The A. L. A. Committee on Ventilation and Lighting takes as the standard 70° as a medium temperature for the circular inquiries it is making. It is usually assumed that a lower standard may be set for stacks, and places where attendants or readers move around rather than sit. Certainly we try to keep our houses and offices and the reading-rooms of our libraries 68° to 70°.
In General. An article in “The Librarian,”[216] specifies five heaters, thus:—
- 1. Open fire grates; cheerful but troublesome.
- 2. Hot-water radiators; popular.
- 3. Steam radiators.
- 4. Gas or electric heaters; only for small rooms.
- 5. Coal stoves; not desirable in libraries.
Thermometers. Perhaps the architect can plan his heating apparatus so cleverly, or your janitor can run the plant so watchfully, that an equable and agreeable temperature can be maintained everywhere. Among your fittings, however, do not fail to plan for plenty of thermometers as indicators to be watched by the staff. Underheating promotes discomfort, coughs, colds; overheating stupefies staff and readers.
Basic Advice. In 1893 Dr. John S. Billings, now of the New York Public Library, published an interesting and sensible volume on Ventilation and Heating, in which, however, no special mention is made of libraries. I quote some general remarks, which seem pertinent:[217]—
“It is important that those who form and direct opinion on this subject should look to it that the buildings which they plan, and especially those in which numbers of men, women or children are to be brought together, are so constructed and arranged that no one shall poison himself or others by the air which he expires.

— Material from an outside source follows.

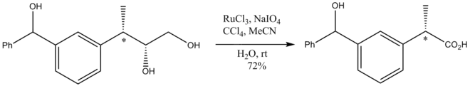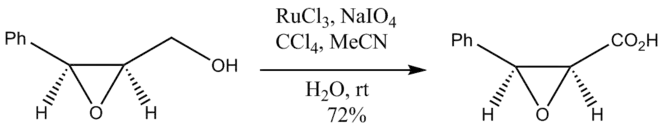 RuO4 est un oxydant particulièrement énergique : il faut veiller à ce que les conditions opératoires soient douces, généralement à température ambiante. Les centres stéréogènes qui ne sont pas oxydés sont cependant préservés, comme l'illustre l'oxydation ci-dessous d'un diol en acide carboxylique :
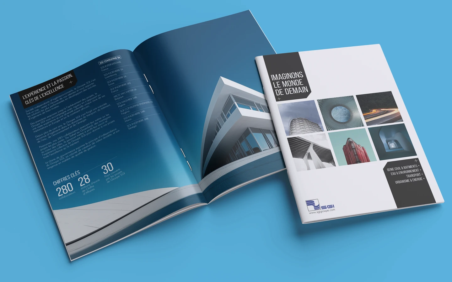 Travailler pour un groupe comme SGI, c’est manipuler de la matière brute : des projets d’envergure, une présence internationale et une expertise technique pointue. Mon défi ? Traduire cette complexité en une narration fluide. Pour cette plaquette, j’ai conçu une esthétique très structurée, presque architecturale. L’idée était de refléter la rigueur de l’ingénieur tout en rendant l’information accessible. Photos de chantiers monumentaux, infographies épurées et cartes stratégiques : chaque élément a sa place dans ce système visuel. On a aussi profité de ce projet pour muscler la charte graphique globale, assurant une cohérence parfaite du Luxembourg jusqu’à l’international.

“I do not mean by this that every man should aim to be an expert on plans and specifications for ventilation, nor that he should rely on his own judgment as to the best way to secure it, but that he should insist on having it provided for, and should see that skilled advice on the subject is obtained.
“Among the first questions which the architect has to solve for each building which he plans or constructs, in order to secure good ventilation are the following:—
“First—How much money shall be allowed to secure ventilation in this case?
“Second—Which of several methods should be employed to effect this, taking into consideration the character and location of the building, and the amount of funds available?
“It is also the business of the architect to see that the builders do not, in a spasm of economy or retrenchment, make a reduction in some point which will affect the ventilation, rather than cut off some of the merely ornamental and comparatively useless decorative work of the exterior.
“However much the architect may be inclined to let the owners have their own way in planning their own residences; when it comes to public buildings, it is his duty not only to advise but to insist on proper arrangements for heating, ventilation, drainage and plumbing. If it be his misfortune to deal on such matters with ignorant committee-men who with a limited appropriation persist in omitting, for, the sake of cheapness, some of those points in construction which are essential for keeping the building in proper sanitary condition, it is his duty as a skilled professional man to decline to have anything to do with the matter rather than suffer himself to be used as a tool to execute work which he knows will be dangerous to the health and life of his fellow-citizens or of their children.”
These are ringing words to be addressed to an architect. How much more do they apply to the librarian who is the expert adviser not only as to effective methods of work, but also as to the comfort and health of all his staff and for all the public who are to use the building.
A paper by Dr. Billings, on the special subject of Library Heating and Ventilation, after his experience in New York, first in old buildings and now in a new building, should be of very great value.